Import Python packages that are used for the analysis.

[1]:
%matplotlib inline

# Force GeoPandas to use Shapely instead of PyGEOS
# In a future release, GeoPandas will switch to using Shapely by default.
import os
os.environ['USE_PYGEOS'] = '0'

import datacube
import matplotlib.pyplot as plt
import numpy as np
import xarray as xr
import geopandas as gpd

from IPython.display import Image
from matplotlib.colors import ListedColormap
from matplotlib.patches import Patch
from odc.ui import image_aspect
from datacube.utils import geometry

from deafrica_tools.datahandling import load_ard
from deafrica_tools.bandindices import calculate_indices
from deafrica_tools.plotting import xr_animation, map_shapefile
from deafrica_tools.dask import create_local_dask_cluster
from deafrica_tools.spatial import xr_rasterize

from datacube.utils.aws import configure_s3_access
configure_s3_access(aws_unsigned=True, cloud_defaults=True)

Set up a Dask cluster

Dask can be used to better manage memory use and conduct the analysis in parallel. For an introduction to using Dask with Digital Earth Africa, see the Dask notebook.

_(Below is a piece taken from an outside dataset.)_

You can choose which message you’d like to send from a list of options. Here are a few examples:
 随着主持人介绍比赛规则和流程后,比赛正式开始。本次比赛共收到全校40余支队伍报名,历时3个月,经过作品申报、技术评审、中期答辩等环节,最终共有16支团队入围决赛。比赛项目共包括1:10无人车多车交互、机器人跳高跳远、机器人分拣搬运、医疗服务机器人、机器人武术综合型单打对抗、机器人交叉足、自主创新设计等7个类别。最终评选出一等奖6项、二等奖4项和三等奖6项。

Note: We recommend opening the Dask processing window to view the different computations that are being executed; to do this, see the Dask dashboard in DE Africa section of the Dask notebook.

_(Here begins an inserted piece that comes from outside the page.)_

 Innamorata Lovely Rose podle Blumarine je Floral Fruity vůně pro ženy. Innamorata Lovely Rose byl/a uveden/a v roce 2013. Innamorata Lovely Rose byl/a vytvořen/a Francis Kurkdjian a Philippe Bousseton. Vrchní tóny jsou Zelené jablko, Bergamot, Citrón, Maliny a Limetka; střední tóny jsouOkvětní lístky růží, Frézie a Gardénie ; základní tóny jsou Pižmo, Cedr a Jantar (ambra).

To use Dask, set up the local computing cluster using the cell below.

[ ]:
create_local_dask_cluster()

Analysis parameters

The following cell sets the parameters, which define the area of interest and the length of time to conduct the analysis over.

The parameters are:

  • vector_file: A shape file that defines the area to analyze.

  • products: The products to load from the datacube, e.g. `”s2_l2a``

  • time_range: The date range to analyse (e.g. ('2017', '2019').

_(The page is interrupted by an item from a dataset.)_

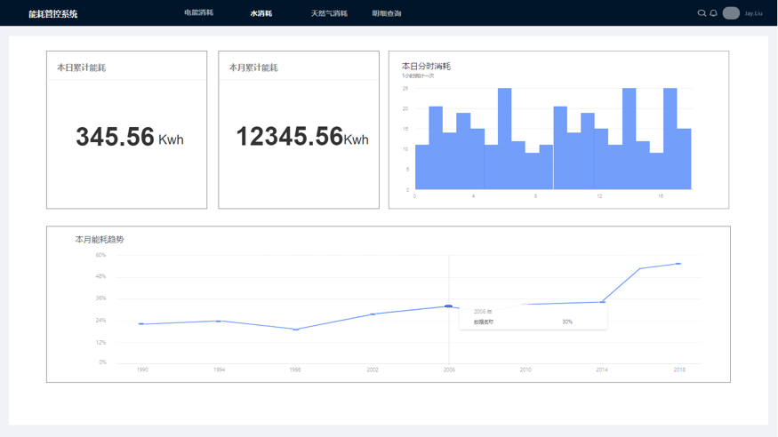 能源數(shù)據(jù)服務(wù)器,聯(lián)接到展示廳能耗看板,在大屏上更直觀的顯示能耗數(shù)據(jù),如本日累計消耗,本月累計消耗,柱狀圖用來顯示本日每一小時的消耗量,曲線圖顯示本月每天能耗變化的情況。效果示意圖如下:

  • min_gooddata: This value sets the minimum amount of good data a scene must have before it will be loaded into memory e.g. 0.75 means only images with 75% good data will be retained.

  • measurements: The spectral bands to load from the satellite product. MNDWI requires the green and swir1 bands, and cloud buffer requires the SCL band

  • resolution: The pixel resolution of the satellite data.

  • dask_chunks: Chunk sizes to use for dask, the default values below are optimized for the Ruko Conservancy at 20m resolution.

If running the notebook for the first time, keep the default settings below. This will demonstrate how the analysis works and provide meaningful results. The default area is the Ruko Conservancy.

[3]:
vector_file = 'data/Ruko_conservancy.geojson'

products = ['s2_l2a']

time_range = ('2017', '2021-02')

min_gooddata = 0.0

measurements = ['green','swir_1', 'SCL']

resolution = (-20,20)

dask_chunks = {'time':1,'x':1250,'y':1250}

Connect to the datacube

Activate the datacube database, which provides functionality for loading and displaying stored Earth observation data.

[4]:
dc = datacube.Datacube(app='water_extent_shape')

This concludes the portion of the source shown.